これに活路を見出した出野さんは、さっそく家族や友人からお金を借りて300万円の資金を調達し、複数の仮想通貨に投入。

わずか2カ月で1000万円を超えるほど資産を増やすことに成功しました。


ところがある日、その資産すべてを不正アクセスによって盗まれてしまいました


保有していた仮想通貨をすべて日本円に換金され、さらにビットコインに換えた挙句どこかに振り込まれていくさまを、ただスマホの画面上で見ることしかできなかった出野さん。

当然、我に返った出野さんはすぐさま110番通報しました。


なかなか話を理解してもらえず、まず仮想通貨とは何かという話から始まり、それが盗まれたことまで説明するも、電話口での対応によると「被害届は出せない」


というのも、取引所に預けていたコインが盗まれたので、直接的な被害を受けたのはその取引所(Zaifだったそうです)。

出野さんは盗難被害に遭ったにもかかわらず、参考人という立場になるとのことだそうです。

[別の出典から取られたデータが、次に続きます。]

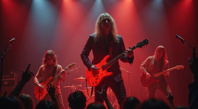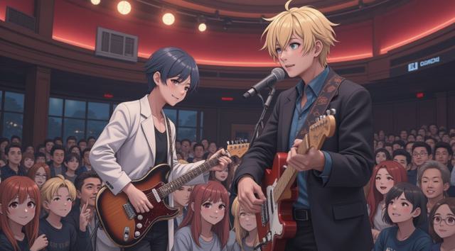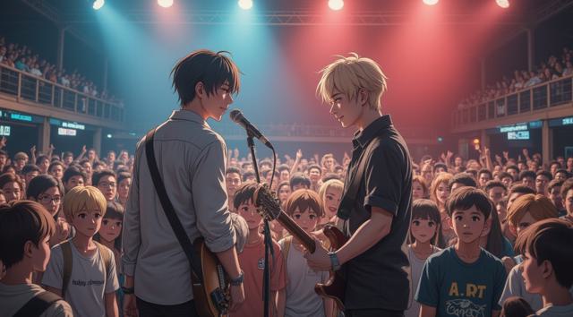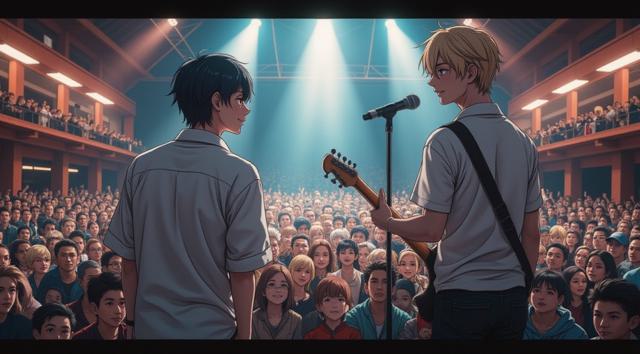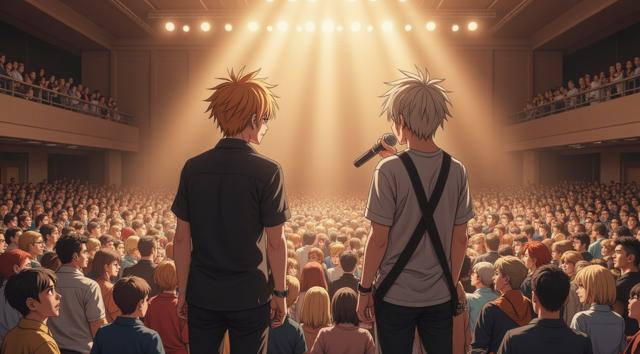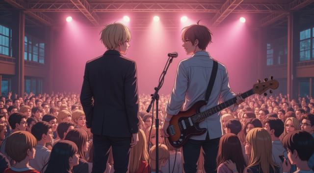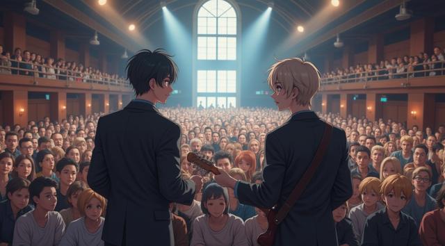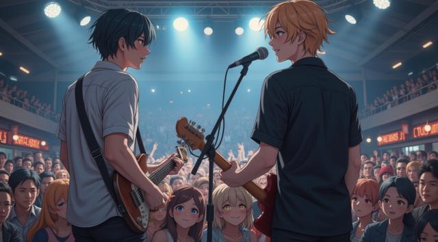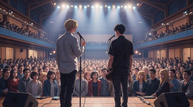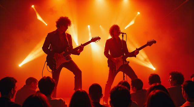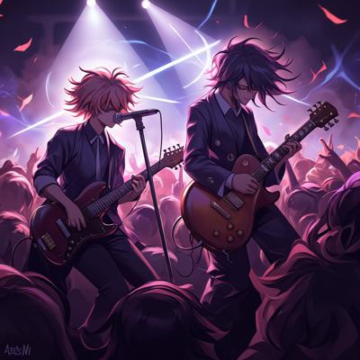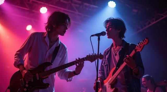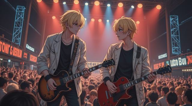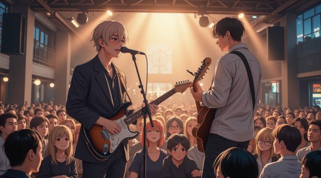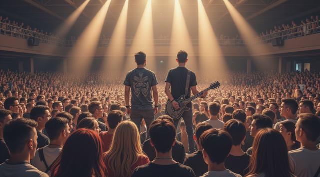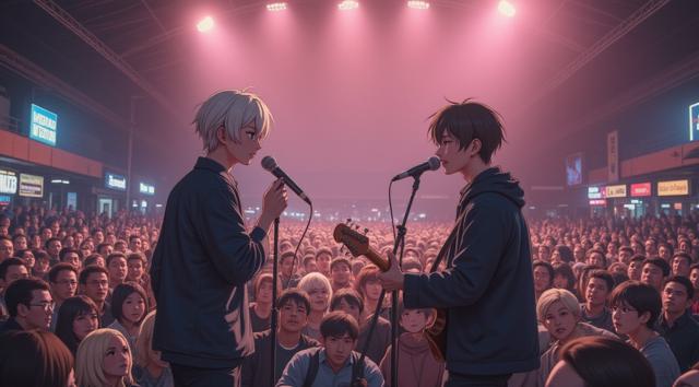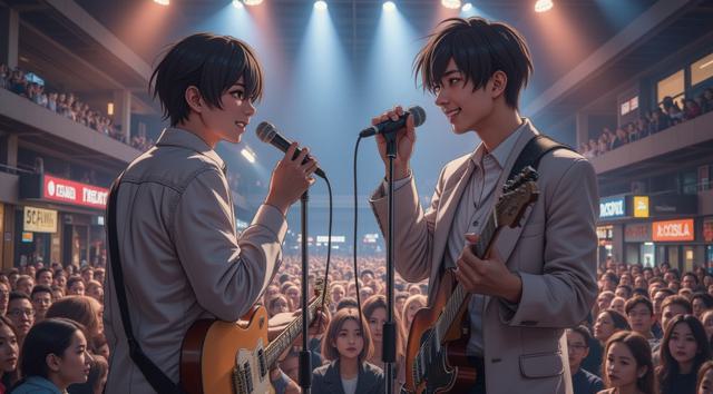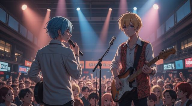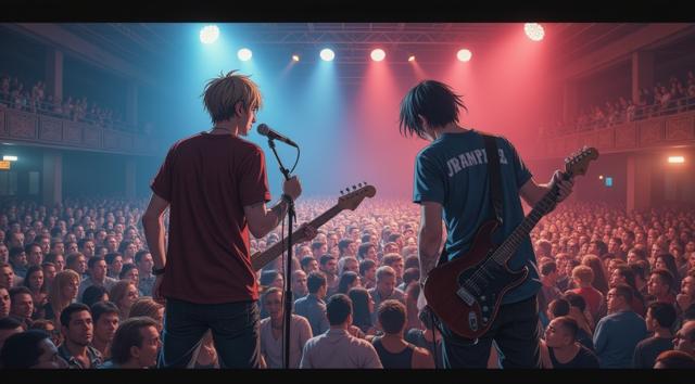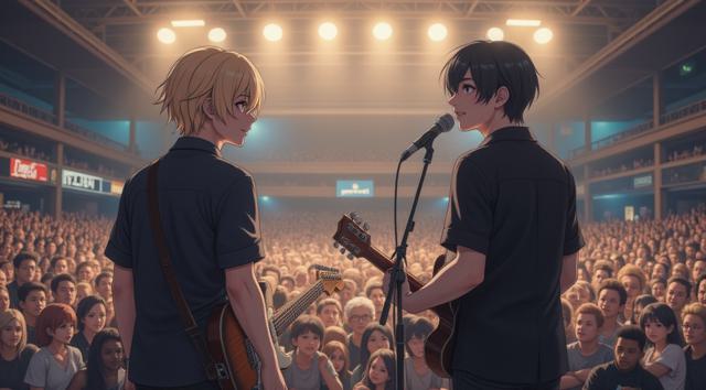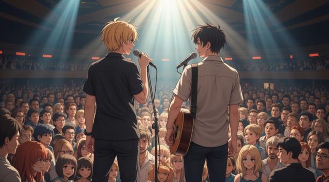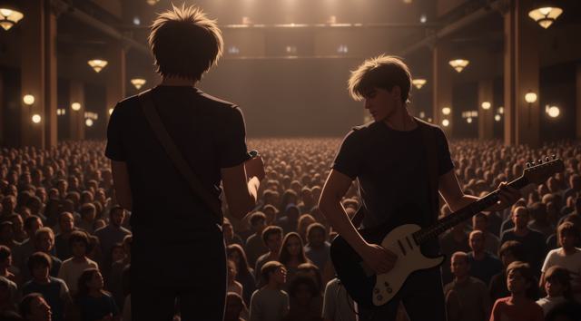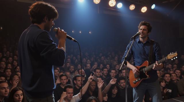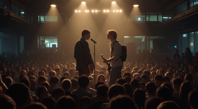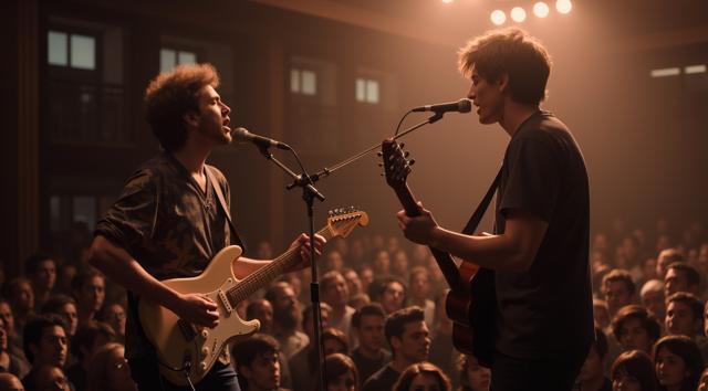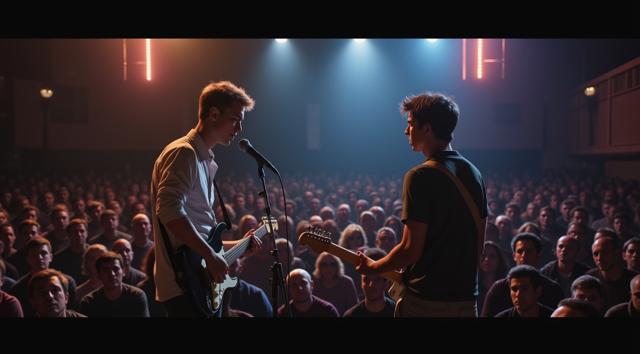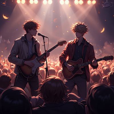 мужской дуэт, вокалист только с микрофоном и гитарист только с гитарой, выступают на сцене в закрытом помещении перед плотной толпой. Яркое освещение

つまり、被害届を出す権利があるのは取引所なので、まずは取引所に被害届を出すように説得しなければならなかったというのです。

しかし、取引所とコンタクトをとってもなかなか返事が来ない状況だったそうです。


ほかに方法がないかと尋ねる出野さんに、「あとは弁護士の人に相談するしかない」という警察の回答。

しかし弁護士に相談するためのお金が盗まれてしまったので、八方塞がりになってしまったそうです。

直接警察署に行ったのに解決しない?!

結局、電話だけでは埒が明かないと、直接警察署に行って刑事さんに相談した出野さん

しかしここでも、対応した刑事さんは仮想通貨のことについてほとんど知らなかったみたいで、いろいろと初歩的なことから聞かれたといいます。

不正に自分のアカウントが乗っ取られて不正にログインされた、その証拠もログイン履歴に残っていることも説明しました。


しかし被害届を出すにしても、専門的な知識がないと的確な回答ができなかったみたいです。

最終的には「知能犯担当の人と直接話してほしい」といわれ、担当者が署に戻って相談してみないことには被害届は出せないといわれてしまったとのこと。


最終的には被害届よりもこの出来事を出版することに決めた出野さんですが、その先でも・・・?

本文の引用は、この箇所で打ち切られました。